Поэзия, будучи попыткой выразить не здравый смысл, как вес героя или его структуру в футах и дюймах, а красоту и душу в его облике, как он сияет воображению и чувству, — и так же всех других объектов в природе, — переходит в басню, олицетворяет каждый факт: — «облака хлопали в ладоши», — «холмы скакали», — «небо говорило». Это субстанция, и это обращение всегда пытается достичь метрической грации. Вне детской начало литературы — это молитвы народа, и они всегда гимны, поэтичны, — разум позволяет себе размах, и вместе с тем всегда есть соответствующая свобода в стиле, который становится лирическим. Молитвы народов ритмичны — имеют повторения и аллитерации, как брачная служба и служба погребения в наших литургиях.

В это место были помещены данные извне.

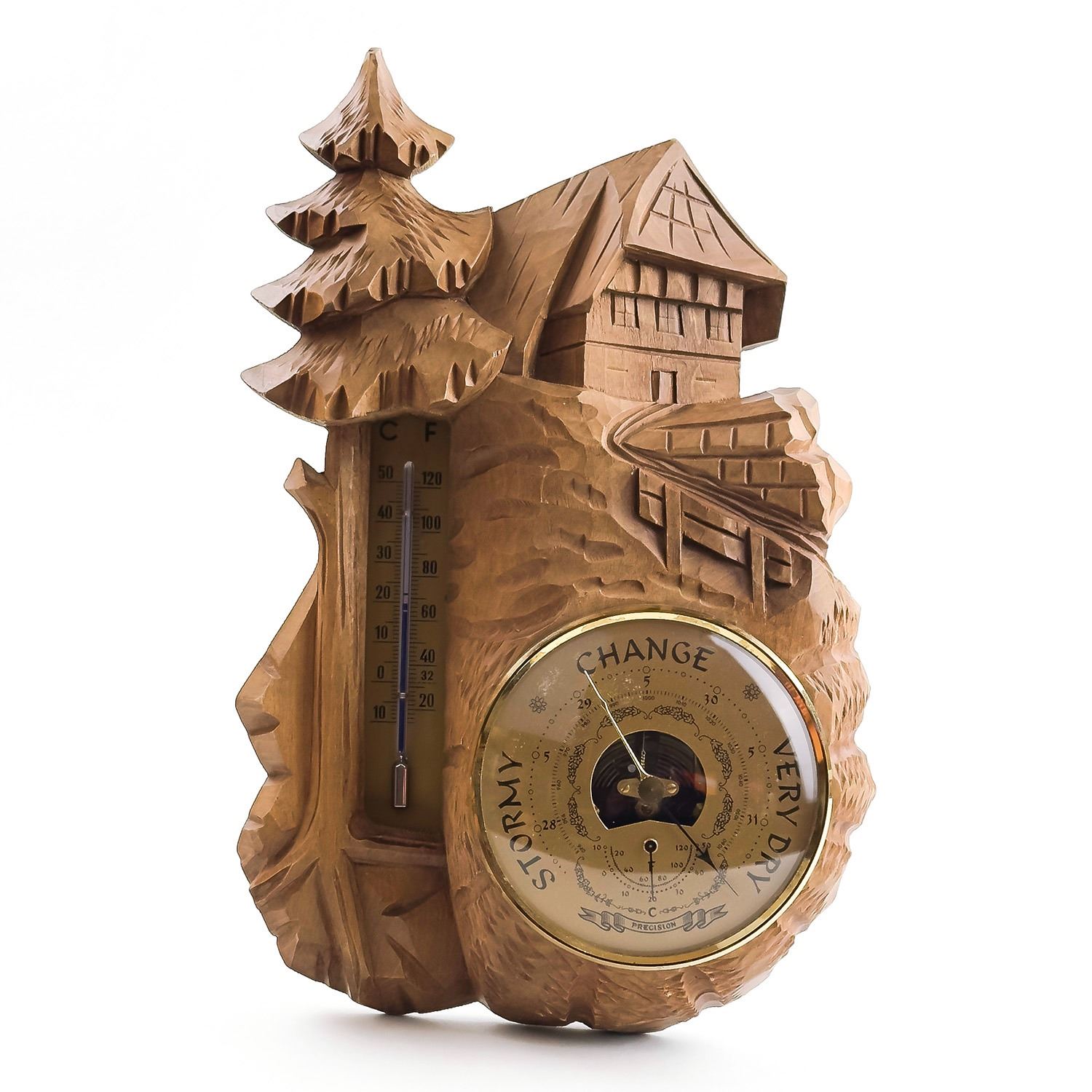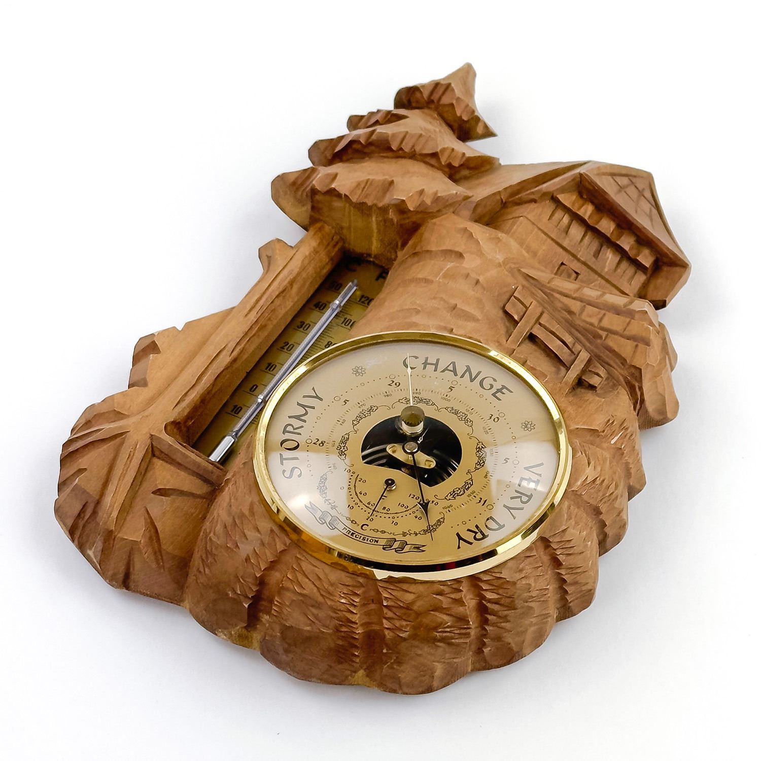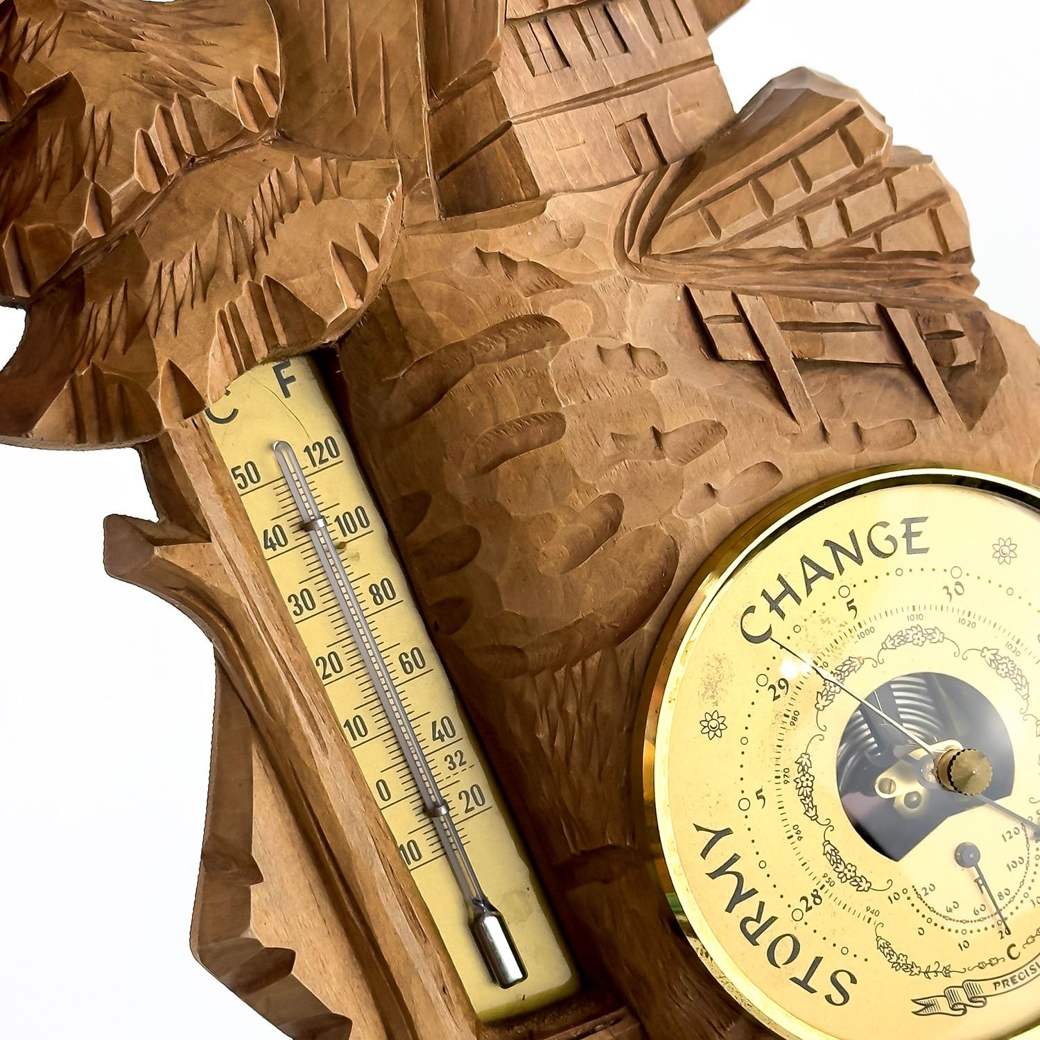 #8124 - VINTAGE HAND CARVED WOODEN TREE & CHALET PRECISION BAROMETER THERMOMETER. HOME, OFFICE OR BAR - WEATHER WALL DECOR SCULPTURE - CABIN, BUILDING, CHALET, TREES, NATURE. MEASURES: 10.5” (26.5 CM) TALL BY 7” (18 CM) WIDE AND ROUGHLY 2.25” (5.75 CM) DEEP/THICK
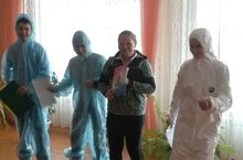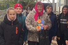 Безнең волонтерлар өлкән яшьтәге педагогларда булдылар. Бүләккә открыткалар, җырлар һәм шигырьләр алып килделәр.
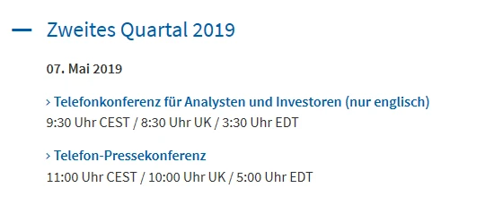 Im Gesamtjahr plant der Vorstand nach der Prognoseanpassung Ende März mit einem Umsatz von 8,0 Milliarden Euro (Vorjahr: 7,6 Milliarden Euro) - plus oder minus zwei Prozent. Dabei wird weiterhin ein künftiger Euro/Dollar-Wechselkurs von 1,15 unterstellt. Die Segmentergebnismarge wird bei 16 Prozent gesehen. Damit könnte am Ende des Fiskaljahres ein nahezu unveränderter Gewinn je Aktie von 0,91 Euro zu Buche stehen.
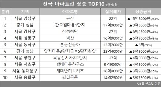 이 밖에도 경기 성남시 ‘양지마을3단지금호5단지·한양’, 서울 양천구 ‘목동신시가지1단지’, 서초구 ‘방배타운하우스’, 동대문구 ‘래미안허브리츠’, 송파구 ‘씨티극동’ 등이 전국 아파트값 상승 상위 10위권에 포함됐다.
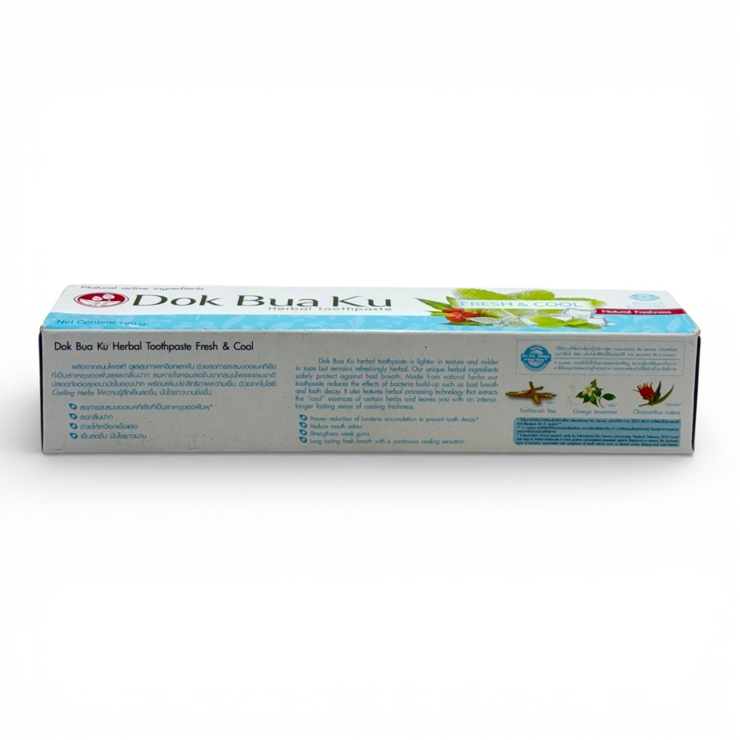 Dok Bua Ku Sensitive Herbal Toothpaste Fresh and Cool is specially formulated for sensitive teeth and gums. Enriched with herbal extracts, it gently cleans teeth while helping to reduce sensitivity and protect gum health. The refreshing fresh and cool formula provides long-lasting freshness, leaving your mouth clean, comfortable, and revitalized after every use. Ideal for daily oral care without harsh abrasives.

Поэзия никогда не будет простым средством, как когда рифмуется история или философия или пишутся лауреатские оды по государственным случаям. Она сама должна быть своей собственной целью, иначе она ничто. Разница между поэзией и стоковой поэзией в том, что в последней ритм дан, а смысл адаптирован к нему; в то время как в первой смысл диктует ритм. Я мог бы даже сказать, что рифма есть в самой теме, мысли и образе. Спрашивайте факт о форме. Ибо стих — это не транспортное средство для перевозки предложения, как драгоценность перевозится в футляре: стих должен быть живым и неотделимым от своего содержания, как душа человека вдохновляет и направляет тело; и мы измеряем вдохновение музыкой. Читая прозу, я становлюсь чувствительным, как только предложение тянется; но в поэзии — как только тянется одно слово. Всегда, когда мысль поднимается, поднимается и выражение. Это также кумулятивно; поэма состоит из строк, каждая из которых в свою очередь наполняла ухо поэта, так что простой синтез создает произведение совершенно сверхчеловеческое.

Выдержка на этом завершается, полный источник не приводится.